- IATA: none; ICAO: none; FAA LID: 01K;

Summary
- Airport type: Public
- Owner: City of Caldwell
- Serves: Caldwell, Kansas
- Elevation AMSL: 1,157 ft (353 m)
- Coordinates: 37°02′12″N 097°35′08″W﻿ / ﻿37.03667°N 97.58556°W
- Interactive map of Caldwell Municipal Airport

Runways
| Direction | Length |  | Surface |
| ft | m |
| 17/35 | 2,460 | 750 | Turf |

Statistics (2008)
- Aircraft operations: 900
- Source: Federal Aviation Administration

= Caldwell Municipal Airport (Kansas) =

Caldwell Municipal Airport is a city-owned public-use airport located 1 nmi east of the central business district of Caldwell, a city in Sumner County, Kansas, United States.

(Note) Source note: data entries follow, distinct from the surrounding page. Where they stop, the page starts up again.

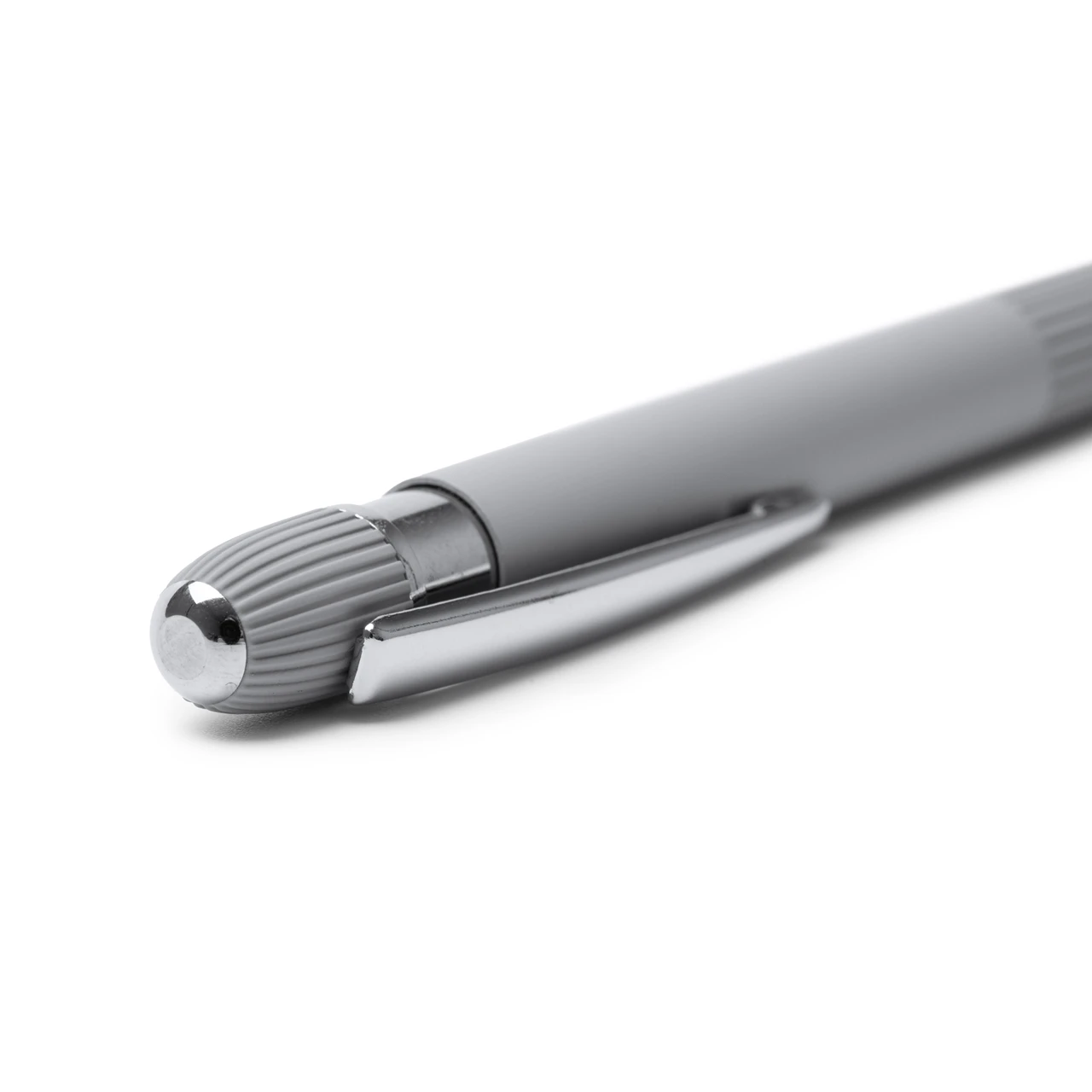 Химикалка от рециклиран алуминий с набраздена повърхност за лесен захват, матово гумено покритие и хромирани елементи.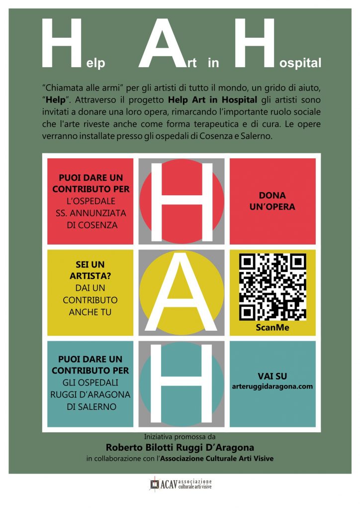 Parte una chiamata alle armi per gli artisti di tutto il mondo, un grido di aiuto in questo periodo di Pandemia causata dal covid19. La ripartenza dall’anno zero deve essere sotto il segno dell’arte partendo proprio da quei luoghi deputati a “fronte di guerra” come gli ospedali. Da qui nasce l’idea di una chiamata per gli artisti al fine di inondare di arte contemporanea gli Ospedali di Salerno e di Cosenza.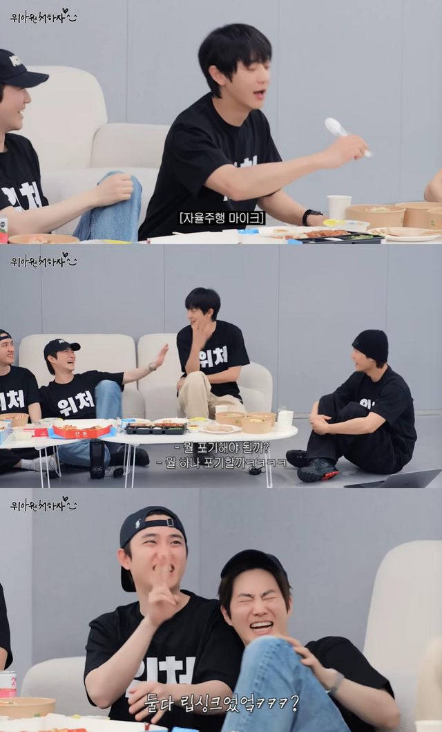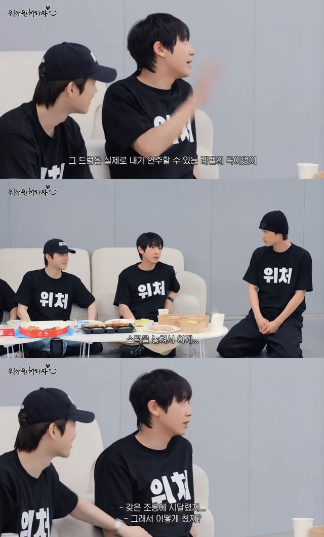 그는 "피아노는 그래도 한손으로 연주할 수 있으니 계속 하기로했다"며 "그런데 마이크가 계속 뒤로 가더라. 갑자기 뒤에서 감독님이 마이크를 손으로 계속 잡고 계셨다. 나랑 같이 무대했다"며 아직도 생생한 기억을 꺼내 멤버들을 웃게 했다.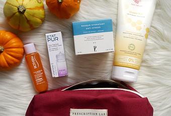 A l’intérieur de cet adorable vanity Gabrielle Paris X Prescription Lab (en novembre, la box s’offre un nouveau design ultra cool, et en plus ils ont même poussé le truc jusqu’à rendre l’intérieur étanche grâce à une couche de plastique, on peut presque se faire plaisir et pousser le vice jusqu’à oublier de fermer nos flacons pour tester la résistance de tout ça… Ou pas, ça serait tellement dommage de l’abimer !) on trouve :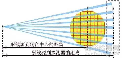 其即為試樣外形最大尺寸的1.5倍。檢測(cè)時(shí)應(yīng)防止試樣未擺放到轉(zhuǎn)臺(tái)中心,造成CT圖像沒(méi)有完全包含產(chǎn)品。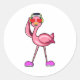 Flamingo with Headphone & Hearts Classic Round Sticker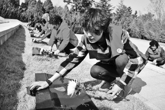25日,在市烈士陵园,西北村、海城社区志愿者前往烈士陵园扫墓,缅怀烈士。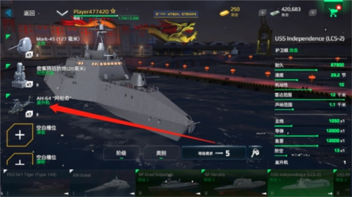 3、部分战舰的购买既需要消耗货币,还设有等级门槛,不过购买后能解锁更多武器与玩法。例如图中展示的这款战舰,玩家购入后就能体验驾驶ah64阿帕奇战斗机参与战斗的乐趣。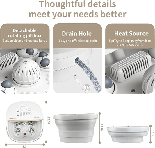 Collapasible Foot Spa Bath Massager with Heat, Pedicure Foot Spa with Bubbles and Jets/Timer/ Temperature Control, Feet Soak Tub for Home, Office, Relaxation and Stress Relief, Gift for Men and Women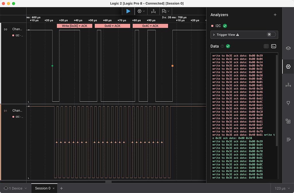 And I clicked start capturing button on app, and turned on the microcontrolled, so that we can capture I2C communication.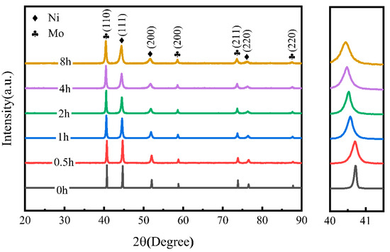 Figure 3 presents the XRD spectrum of Ni-17Mo alloy powder, with milling times ranging from 0 to 8 h. Both the intensity and width of the diffraction peaks decrease and broaden with increasing milling duration. This trend suggests a reduction in the average grain size, accompanied by a rise in lattice distortion and crystal defects. A similar pattern has been reported in previous studies [39]. In addition, milling durations ranging from 0.5 to 8 h did not result in mechanical alloying of the elemental Ni and Mo powders.

== Facilities and aircraft ==
Caldwell Municipal Airport covers an area of 80 acre at an elevation of 1,157 ft above mean sea level. It has one runway designated 17/35 with a turf surface measuring 2,460 by 110 ft. For the 12-month period ending November 19, 2008, the airport had 900 general aviation aircraft operations, an average of 75 per month.